What are the Common Injuries in Squash?
Squash is a high-speed racquet and ball game that requires the repetitive use of your spine, legs and especially your dominant arm. As a result of this whole body involvement, injuries can occur anywhere from the shoulder, elbow, and wrist, to the hip knee and ankle, as well as the spine. There is a risk of head and eye injuries from the ball or racquet and don’t forget how hard and unforgiving those walls can be when you crash into them!
Most squash injuries are a result of an acute injury and less so from overuse. However, the most common upper limb injury seen from squash is lateral epicondylalgia, which is an overuse injury. Lateral epicondylalgia is the medical term to describe tennis elbow. But, since you're playing squash I think we are within our rights to call it squash elbow!
Other common overuse injuries can affect the wrist and knee. De Quervain’s tenosynovitis is an issue that involves the tendons just below the thumb and causes pain in the wrist. In the knee, you can get overuse injuries to the tendons due to the high constant load and stress these can be placed under with running and change of direction sports. Patella tendinopathy is common.
There is a vast array of acute injuries that can occur and the following is by no means exhaustive:
Head and facial injuries, especially to the eyes are prevalent. Eye injuries can include anything from possible retinal detachment, scratched cornea (front surface of the eye), globe rupture to hyphema (collection of blood in the front of the eye).
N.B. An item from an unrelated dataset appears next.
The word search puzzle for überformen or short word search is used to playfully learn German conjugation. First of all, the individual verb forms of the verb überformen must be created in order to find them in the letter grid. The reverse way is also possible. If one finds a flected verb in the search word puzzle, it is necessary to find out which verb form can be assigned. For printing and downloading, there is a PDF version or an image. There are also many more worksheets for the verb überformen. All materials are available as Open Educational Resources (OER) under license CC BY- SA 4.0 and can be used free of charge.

The shoulder, wrist, and elbow are common joints for strains.
Due to the fast and agile nature of squash, it is no wonder there is a higher prevalence of sprained ankles, calf muscle tears, back muscle strains, knee ligament sprains, knee meniscal tears and even Achilles tendon rupture.
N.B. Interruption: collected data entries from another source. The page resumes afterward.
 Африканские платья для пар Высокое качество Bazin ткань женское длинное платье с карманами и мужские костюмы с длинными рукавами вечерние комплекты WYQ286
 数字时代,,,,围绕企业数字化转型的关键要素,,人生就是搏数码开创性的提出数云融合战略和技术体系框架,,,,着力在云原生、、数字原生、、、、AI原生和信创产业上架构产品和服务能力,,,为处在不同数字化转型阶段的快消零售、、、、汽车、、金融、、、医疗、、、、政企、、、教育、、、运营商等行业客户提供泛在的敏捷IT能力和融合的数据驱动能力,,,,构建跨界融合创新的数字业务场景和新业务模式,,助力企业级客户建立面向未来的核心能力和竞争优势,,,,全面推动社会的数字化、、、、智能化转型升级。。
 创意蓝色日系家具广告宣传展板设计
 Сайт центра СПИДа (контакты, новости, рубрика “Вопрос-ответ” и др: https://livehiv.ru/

What Causes Injuries in Squash?
Due to the variable nature of the sport, many different factors can influence the risk of injury.
Overuse injuries such as elbow lateral epicondylalgia and de Quervain’s tenosynovitis of the thumb are caused by repetitive movements arm movements especially at high-velocities as is required in squash.
The elbow injury is aggravated by the frequent use of the gripping muscles in the forearm, in particular, those that extend, or bend, the wrist backwards, as these attach to the outer part of your elbow. Backhand shots can cause greater inflammation to this area as they require a large force from the wrist extensors.
The wrist/thumb can be worsened with gripping and turning your wrist over and as a result, can affect your ability to perform wristy or powerful shots.
For eye/facial injuries, these usually occur when either a racquet or the balls collide with the eye or face. Some injuries can be quite severe and require immediate medical attention to prevent loss of vision. Safety eyewear is recommended.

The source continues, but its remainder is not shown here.